O Grupo Banco Mundial (GBM) está a trabalhar “ar­duamente” para evitar o risco de uma ´década perdida’ no continente africano. Garantia deixada pelo presidente da instituição, David Malpass, no final da semana passada, durante um encontro com jor­nalistas da África Ocidental e Central. Vacinas, dívida e economia são áreas de acção prioritárias.

A consciência de que a co­vid-19 pode originar, para a generalidade dos países afri­canos, atrasos e retrocessos mais do que circunstâncias começou a consolidar-se nos últimos meses, perante o ar­rastar da crise sanitária, com todos os seus danos transver­sais a outras áreas e face às disparidades na distribuição das vacinas.

Já este mês, a UNICEF explicou que os impactos da pandemia serão assumidos pelas crianças africanas, com o seu futuro.

Em Paris, na semana passada, durante a cimeira França-África, a directora-exe­cutiva do Fundo Monetário Internacional (FMI), Kristalina Georgieva, reforçou a necessi­dade de uma “mobilização glo­bal para ajudar África”.

Questionado pelo Expresso das Ilhas, David Malpass é claro.

“A própria covid foi um re­vés historicamente grande, particularmente prejudicial para os mais pobres e mais vulneráveis.
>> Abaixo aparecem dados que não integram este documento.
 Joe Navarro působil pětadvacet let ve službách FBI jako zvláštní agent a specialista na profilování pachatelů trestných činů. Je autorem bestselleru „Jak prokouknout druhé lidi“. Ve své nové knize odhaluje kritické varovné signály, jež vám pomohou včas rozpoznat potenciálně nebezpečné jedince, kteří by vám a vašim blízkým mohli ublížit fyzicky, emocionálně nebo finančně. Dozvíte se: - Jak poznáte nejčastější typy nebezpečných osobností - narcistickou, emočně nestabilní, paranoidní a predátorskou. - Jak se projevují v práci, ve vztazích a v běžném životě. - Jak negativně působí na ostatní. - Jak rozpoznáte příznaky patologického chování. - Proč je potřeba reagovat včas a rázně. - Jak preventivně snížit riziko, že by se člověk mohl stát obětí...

Desse ponto de vista, reconhecemos que se­rão necessários anos para re­cuperar algumas das perdas”, refere.

Sobre a campanha global de vacinação contra o SARS-CoV-2, e numa altura em que, contas da Organização Mundial de Saúde, 70% das doses já administradas fo­ram aplicadas em apenas 10 países, Malpass apela a uma melhor distribuição de imuni­zantes.
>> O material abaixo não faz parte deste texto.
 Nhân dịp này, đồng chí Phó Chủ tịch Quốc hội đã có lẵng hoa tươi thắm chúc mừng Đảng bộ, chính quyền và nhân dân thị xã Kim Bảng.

“Temos de iniciar a vaci­nação em mais países e isto significa termos fornecimen­to e significa aqueles que têm excesso de doses libertarem essas doses. Também significa utilizar programas que estão prontos, como os programas do Banco Mundial, para levar a vacinação às pessoas em to­dos os países. Este é um ponto de partida fundamental”, ex­plicou ao Expresso das Ilhas.

Cabo Verde é um dos seis países africanos com progra­mas de financiamento aprova­dos junto do Banco Mundial para compra de vacinas. No total, até ao momento, 38 es­tados do continente submete­ram dossiers para beneficiar dos 12 mil milhões de dólares disponibilizados para as cam­panhas de vacinação.

Dívida e economia

Em Abril, a agência de no­tação financeira Scope Ratings alertou para a necessidade de se definir um modelo de alívio das dívidas africanas capaz de as tornar sustentáveis, para lá das moratórias que, no limite, mais não fazem do que adiar o problema.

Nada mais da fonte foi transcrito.